[Input — start]

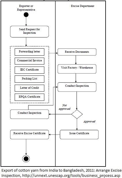 Excise inspection (Export from IND to BDG/Cotton yarn)
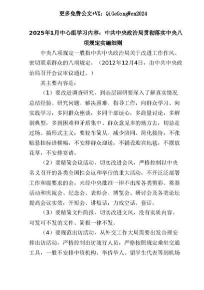 【七哥公文】2025年:03-25年1月中心组学习内容:中共中央政治局贯彻落实中央八项规定实施细则+更多免费公文+VX:QiGeGongWen2024+更多免费公文+VX:QiGeGongWen2024
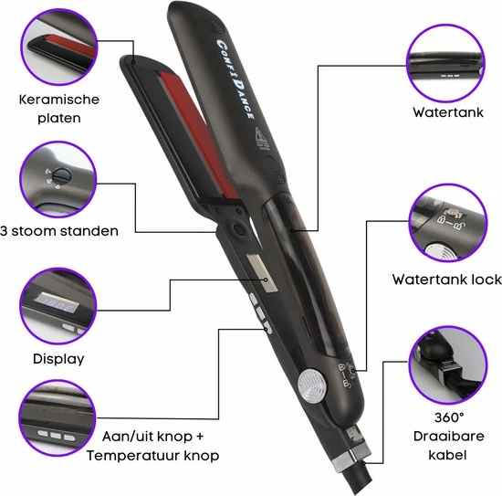 Binnen 25 seconden is de Confidance steampod opgewarmd en kun jij direct aan de slag! De stijltang is door de afgeronde keramische platen ook ideaal om fantastische krullen of beachy waves te cre?ren en glijdt gemakkelijk over elk type haar. Dun en beschadigd haar of juist een volle bos met krullen? De Confidance stoomstijltang maakt je haar glad, laat het haar glanzen en hydrateert in een handomdraai. Geeft volume en prachtige krullen terwijl 80% hittebeschadiging wordt voorkomen in tegenstelling tot de normale krul- en stijltangen.
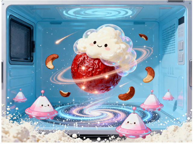 乳白色奶芙云朵缓缓包裹红枣行星,腰果碎片如流星环环绕飞行。在微波炉里经历三次空间折叠,最后撒上乳粉制造的银河星尘,每个都变成胖乎乎的三角飞船。
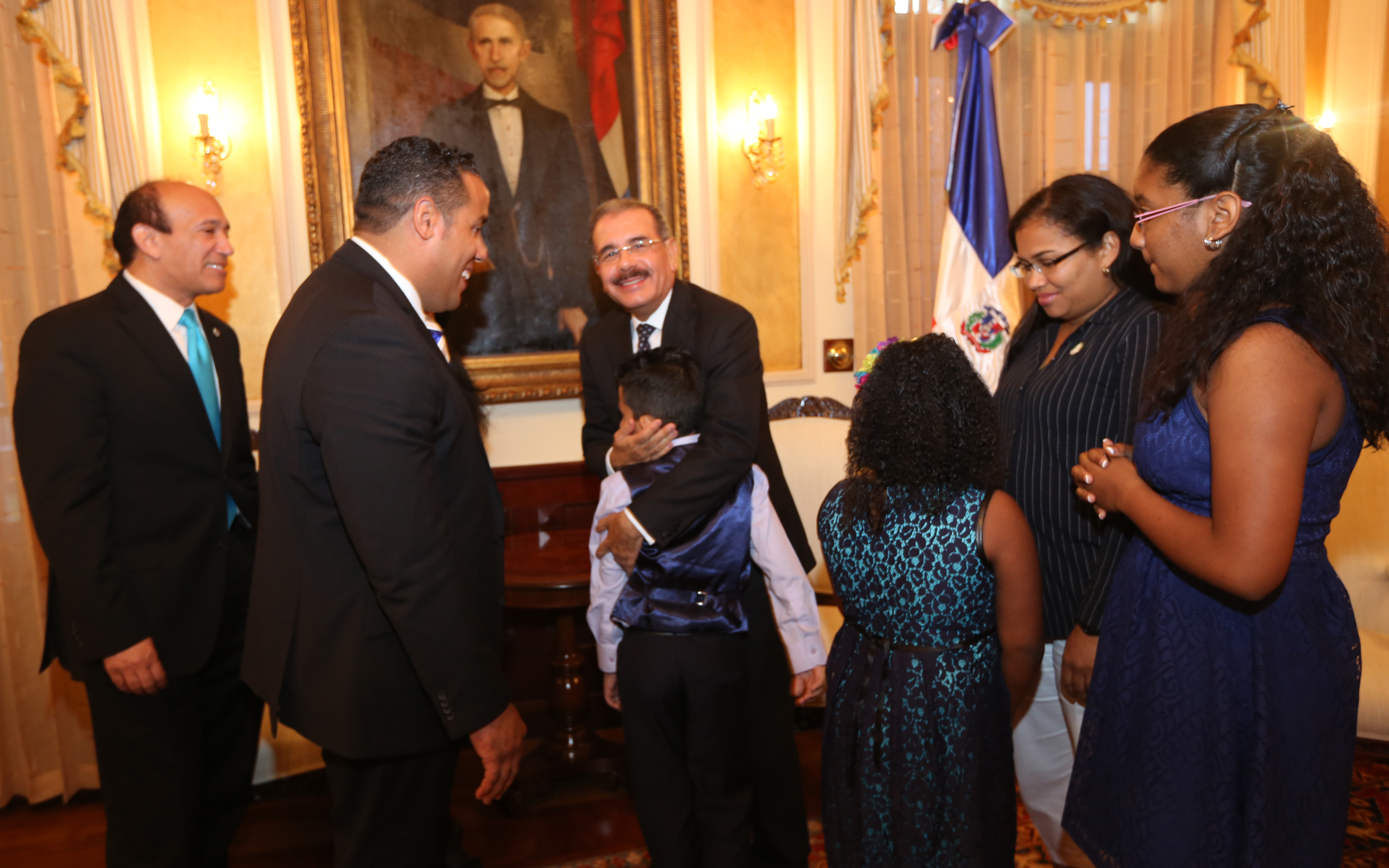 El Mandatario al recibir los estudiantes meritorios, quienes asistieron acompañados del comisionado del Departamento de Educación de la ciudad de Paterson, Alex Méndez; las madres de los estudiantes, Esperanza Rubina García, Wendoly Yissel Paulino Medrano, Yvelise Altagracia García Méndez, junto otros.
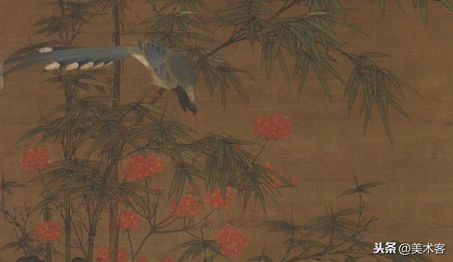 边景昭的《春花三喜图》,此幅湖石沉雄,秀竹劲挺而葱郁。红色的鲜花丛簇而生,夺人二目,两只喜鹊于位于平坡之上,一只仰翻在地,一只上前戏啄,互相嬉戏玩耍,上面翠竹间的喜鹊俯视两只喜鹊,产生交流之感。
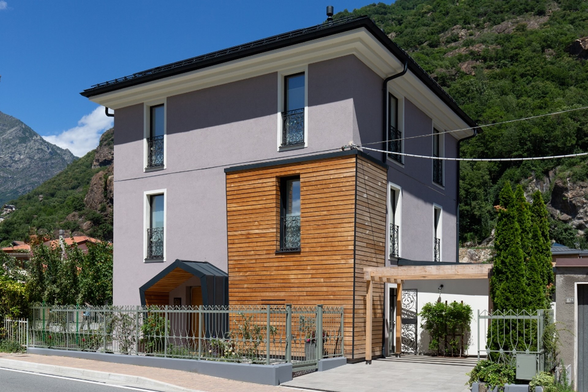 L’edificio in pietra risalente all’anno 1948 è stato riconfigurato con un attento restauro dai proprietari e gestori, gli architetti Silvia e Gabriele Grosso. I lavori hanno previsto l’uso del legno in tutti i suoi infiniti usi e varianti: castagno, cedro, cirmolo, rovere, noce, ciliegio, abete e incenso sono le essenze che accompagnano i nostri ospiti nelle stanze con il loro profumo aromatico. Le stanze sono dedicate a pittori e scultori valdostani, italiani e stranieri, e tutta la struttura ospita opere d’arte di proprietà dei gestori, ammirabili sia nelle camere che nelle zone comuni.
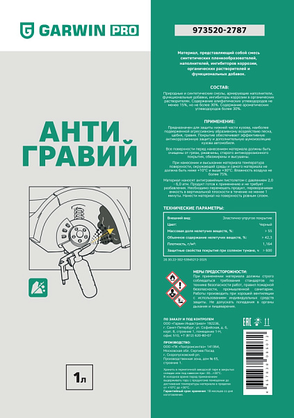 Мастика битумная антигравий GARWIN PRO ПЭТ, 1000 мл - 1
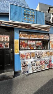 We ended up trying food from three places for our dinner. We ordered onion rings from Squares and Affaires, which offers sweet and savory dishes, most of which, if not all, are fried. Some of the items they offer are funnel cake, chicken and waffle, corn dogs, fried shrimp, fried calamari and much more. It felt a lot like food you can get at a fair. Oh! I just realized – maybe that’s the reason why part of the name of this food stall has the word “fair” in it! The onion rings we ordered were very good!
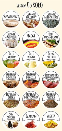 Zestaw 05: Amarantus, Czosnek kolorowy, Czosnek niedźwiedzi, Czosnek staropolski, Maggi, Ocet balsamiczny, Ocet jabłkowy, Ocet winny, Oliwa z oliwek, Przyprawa do chleba, Przyprawa do grilla, Przyprawa do mięsa wołowego, Przyprawa grecka, Przyprawa meksykańska, Przyprawa włoska, Sos sojowy, Szafran, Vegeta.
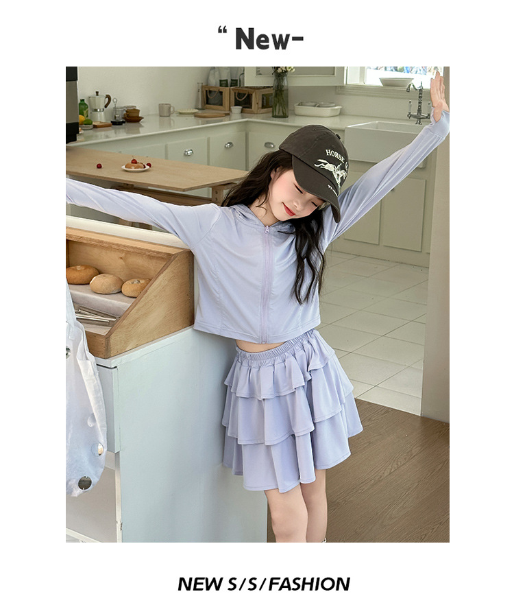 여자 여름 스포츠 태양 보호 의류 세트 2025 새로운 한국 스타일 케이크 푹신한 치마 세트 투피스 세트스토어 가기
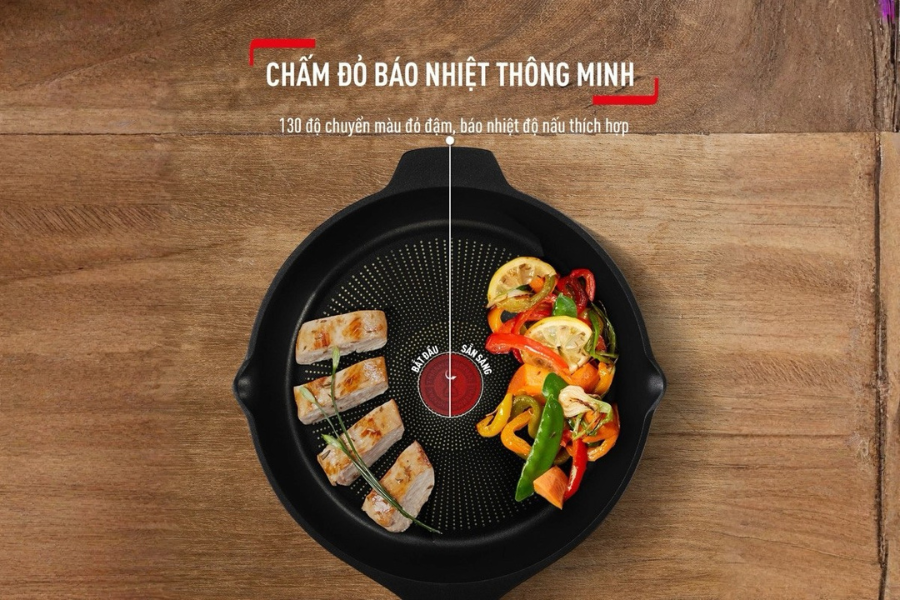 Một trong những công nghệ đột phá khiến người dùng tin tưởng tuyệt đối vào chiếc Chảo đúc sâu lồng cao cấp Tefal Robusto 28cm (E2491944) chính là điểm báo nhiệt Thermo-Signal nằm ngay chính giữa lòng chảo. Đây là công nghệ độc quyền của Tefal, hoạt động như một cảm biến nhiệt độ trực quan: khi chảo đạt đến mức nhiệt lý tưởng khoảng 180°C, các chi tiết bên trong điểm đỏ sẽ biến mất và chuyển sang màu đỏ đậm đồng nhất. Điều này báo hiệu thời điểm “vàng” để bạn bắt đầu cho nguyên liệu vào, đảm bảo thực phẩm được tiếp xúc với nhiệt độ chuẩn xác nhất ngay từ giây đầu tiên. Việc nấu ăn ở nhiệt độ chuẩn không chỉ giúp thực phẩm có lớp vỏ vàng rụm đẹp mắt mà còn giữ lại tối đa các vitamin và dưỡng chất quý giá nhạy cảm với nhiệt lượng. Với Chảo đúc sâu lồng cao cấp Tefal Robusto 28cm (E2491944), bạn không còn phải dùng tay thử nhiệt hay đoán mò, giúp giảm thiểu hoàn toàn tình trạng thực phẩm bị ngấm dầu do chảo chưa đủ nóng.

[Input — finish]

* _What this task involves_
Could you set down every record above exactly as written, leaving out the pictures?

* _Written solution_
 Excise inspection (Export from IND to BDG/Cotton yarn)
 【七哥公文】2025年:03-25年1月中心组学习内容:中共中央政治局贯彻落实中央八项规定实施细则+更多免费公文+VX:QiGeGongWen2024+更多免费公文+VX:QiGeGongWen2024
 Binnen 25 seconden is de Confidance steampod opgewarmd en kun jij direct aan de slag! De stijltang is door de afgeronde keramische platen ook ideaal om fantastische krullen of beachy waves te cre?ren en glijdt gemakkelijk over elk type haar. Dun en beschadigd haar of juist een volle bos met krullen? De Confidance stoomstijltang maakt je haar glad, laat het haar glanzen en hydrateert in een handomdraai. Geeft volume en prachtige krullen terwijl 80% hittebeschadiging wordt voorkomen in tegenstelling tot de normale krul- en stijltangen.
 乳白色奶芙云朵缓缓包裹红枣行星,腰果碎片如流星环环绕飞行。在微波炉里经历三次空间折叠,最后撒上乳粉制造的银河星尘,每个都变成胖乎乎的三角飞船。
 El Mandatario al recibir los estudiantes meritorios, quienes asistieron acompañados del comisionado del Departamento de Educación de la ciudad de Paterson, Alex Méndez; las madres de los estudiantes, Esperanza Rubina García, Wendoly Yissel Paulino Medrano, Yvelise Altagracia García Méndez, junto otros.
 边景昭的《春花三喜图》,此幅湖石沉雄,秀竹劲挺而葱郁。红色的鲜花丛簇而生,夺人二目,两只喜鹊于位于平坡之上,一只仰翻在地,一只上前戏啄,互相嬉戏玩耍,上面翠竹间的喜鹊俯视两只喜鹊,产生交流之感。
 L’edificio in pietra risalente all’anno 1948 è stato riconfigurato con un attento restauro dai proprietari e gestori, gli architetti Silvia e Gabriele Grosso. I lavori hanno previsto l’uso del legno in tutti i suoi infiniti usi e varianti: castagno, cedro, cirmolo, rovere, noce, ciliegio, abete e incenso sono le essenze che accompagnano i nostri ospiti nelle stanze con il loro profumo aromatico. Le stanze sono dedicate a pittori e scultori valdostani, italiani e stranieri, e tutta la struttura ospita opere d’arte di proprietà dei gestori, ammirabili sia nelle camere che nelle zone comuni.
 Мастика битумная антигравий GARWIN PRO ПЭТ, 1000 мл - 1
 We ended up trying food from three places for our dinner. We ordered onion rings from Squares and Affaires, which offers sweet and savory dishes, most of which, if not all, are fried. Some of the items they offer are funnel cake, chicken and waffle, corn dogs, fried shrimp, fried calamari and much more. It felt a lot like food you can get at a fair. Oh! I just realized – maybe that’s the reason why part of the name of this food stall has the word “fair” in it! The onion rings we ordered were very good!
 Zestaw 05: Amarantus, Czosnek kolorowy, Czosnek niedźwiedzi, Czosnek staropolski, Maggi, Ocet balsamiczny, Ocet jabłkowy, Ocet winny, Oliwa z oliwek, Przyprawa do chleba, Przyprawa do grilla, Przyprawa do mięsa wołowego, Przyprawa grecka, Przyprawa meksykańska, Przyprawa włoska, Sos sojowy, Szafran, Vegeta.
 여자 여름 스포츠 태양 보호 의류 세트 2025 새로운 한국 스타일 케이크 푹신한 치마 세트 투피스 세트스토어 가기
 Một trong những công nghệ đột phá khiến người dùng tin tưởng tuyệt đối vào chiếc Chảo đúc sâu lồng cao cấp Tefal Robusto 28cm (E2491944) chính là điểm báo nhiệt Thermo-Signal nằm ngay chính giữa lòng chảo. Đây là công nghệ độc quyền của Tefal, hoạt động như một cảm biến nhiệt độ trực quan: khi chảo đạt đến mức nhiệt lý tưởng khoảng 180°C, các chi tiết bên trong điểm đỏ sẽ biến mất và chuyển sang màu đỏ đậm đồng nhất. Điều này báo hiệu thời điểm “vàng” để bạn bắt đầu cho nguyên liệu vào, đảm bảo thực phẩm được tiếp xúc với nhiệt độ chuẩn xác nhất ngay từ giây đầu tiên. Việc nấu ăn ở nhiệt độ chuẩn không chỉ giúp thực phẩm có lớp vỏ vàng rụm đẹp mắt mà còn giữ lại tối đa các vitamin và dưỡng chất quý giá nhạy cảm với nhiệt lượng. Với Chảo đúc sâu lồng cao cấp Tefal Robusto 28cm (E2491944), bạn không còn phải dùng tay thử nhiệt hay đoán mò, giúp giảm thiểu hoàn toàn tình trạng thực phẩm bị ngấm dầu do chảo chưa đủ nóng.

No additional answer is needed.